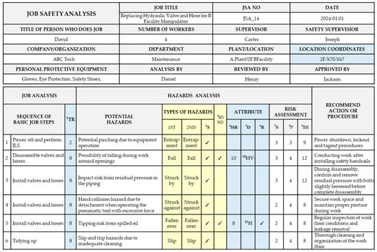 - Occupational Safety and Health Administration (OSHA), US Department of Labor. Job Hazard Analysis; Occupational Safety and Health Administration (OSHA), US Department of Labor: Washington, DC, USA, 2002. Available online: https://www.osha.gov/sites/default/files/publications/osha3071.pdf (accessed on 22 August 2024).
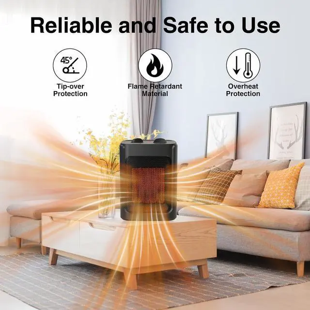 Multiple Safety Protections: The space heater is constructed from flame-resistant materials, utilizing an upgraded version of ABS material that enhances flame resistance, effectively mitigating any risk of fire hazard. The Overheat Protection feature automatically shuts down the heater when it reaches a critical temperature. The tip-over protection system also deactivates the heater if accidentally tipped over; upon righting the heater, it resumes operation.
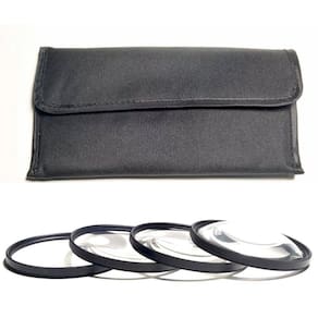 Conjunto de 04 lentes Close-up para fotografica Macro Reduz a distância mínima de foco da sua lente. KIT contém lentes +1, +2, +4 e +10 que podem ser usadas individualmente ou combinadas entre si para obter maior aproximação conforme a necessidade devido à curvatura, as lentes +4 e +10 não permitem que sejam rosqueadas outras lentes sobre elas. Mas estas podem ser usadas em conjunto com as +1 e +2 .
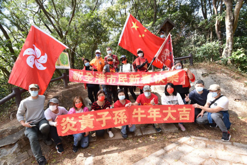 春节期间,香港多个团体以不同形式向香港市民和祖国人民拜年。2月12日,大年初一清晨,十几位香港市民登上狮子山顶,手举国旗和区旗,拉起横幅向香港市民和祖国人民拜年,祝愿在新的一年中,香港战胜疫情,恢复经济发展,祝愿国家更加繁荣稳定,国泰民安。(总台记者 金东)
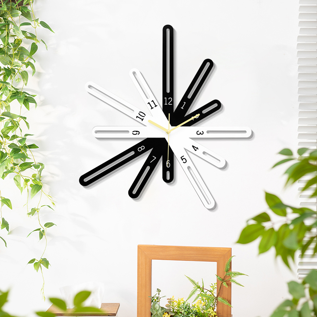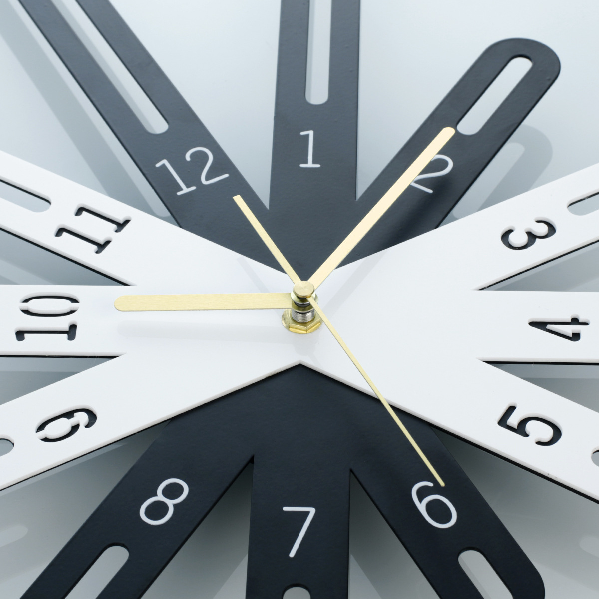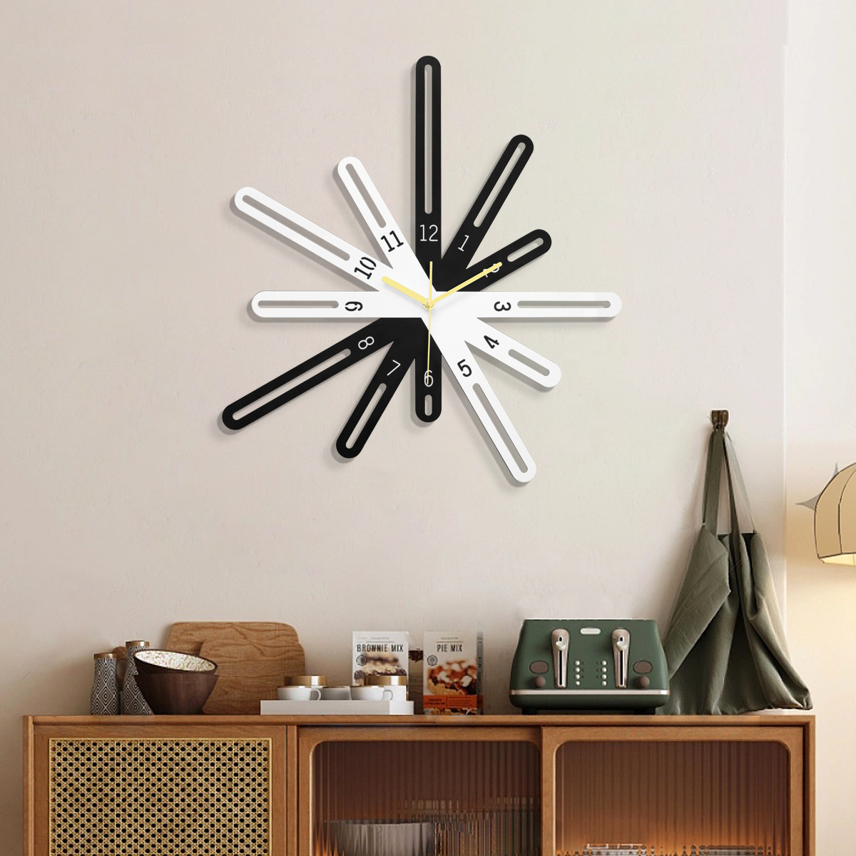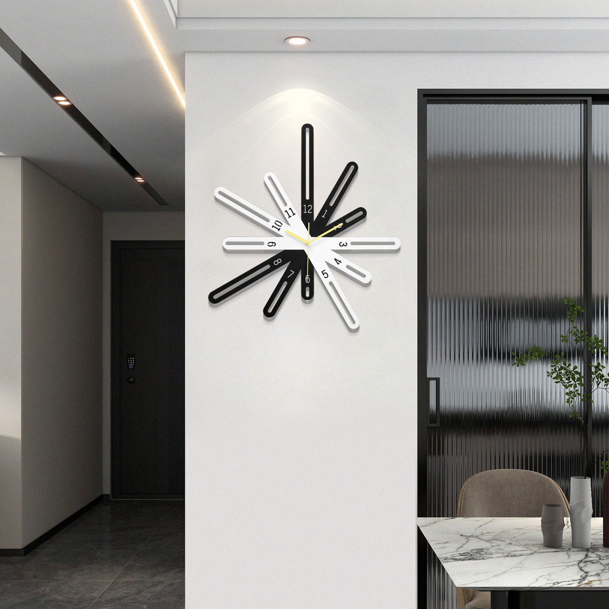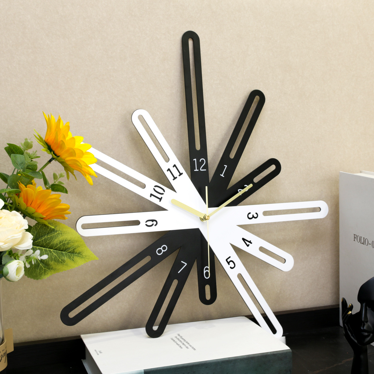 北欧时尚轻奢铁艺异形挂钟用于客厅卧室餐厅装饰静音挂钟黑白色
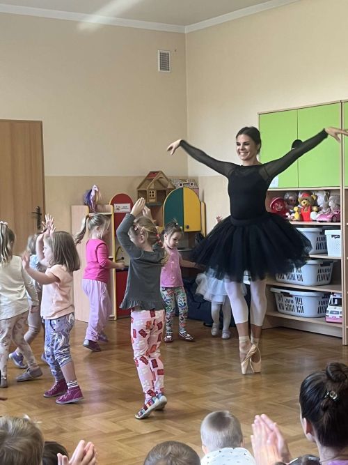 Atrakcją dla przedszkolaków był wspólny występ z baletnicą.

### WORK TASK
Transcribe the entries from their first line to the line that holds "Conjunto de 04", both included, and skip every picture.

### SOLVED EXERCISE
 - Occupational Safety and Health Administration (OSHA), US Department of Labor. Job Hazard Analysis; Occupational Safety and Health Administration (OSHA), US Department of Labor: Washington, DC, USA, 2002. Available online: https://www.osha.gov/sites/default/files/publications/osha3071.pdf (accessed on 22 August 2024).
 Multiple Safety Protections: The space heater is constructed from flame-resistant materials, utilizing an upgraded version of ABS material that enhances flame resistance, effectively mitigating any risk of fire hazard. The Overheat Protection feature automatically shuts down the heater when it reaches a critical temperature. The tip-over protection system also deactivates the heater if accidentally tipped over; upon righting the heater, it resumes operation.
 Conjunto de 04 lentes Close-up para fotografica Macro Reduz a distância mínima de foco da sua lente. KIT contém lentes +1, +2, +4 e +10 que podem ser usadas individualmente ou combinadas entre si para obter maior aproximação conforme a necessidade devido à curvatura, as lentes +4 e +10 não permitem que sejam rosqueadas outras lentes sobre elas. Mas estas podem ser usadas em conjunto com as +1 e +2 .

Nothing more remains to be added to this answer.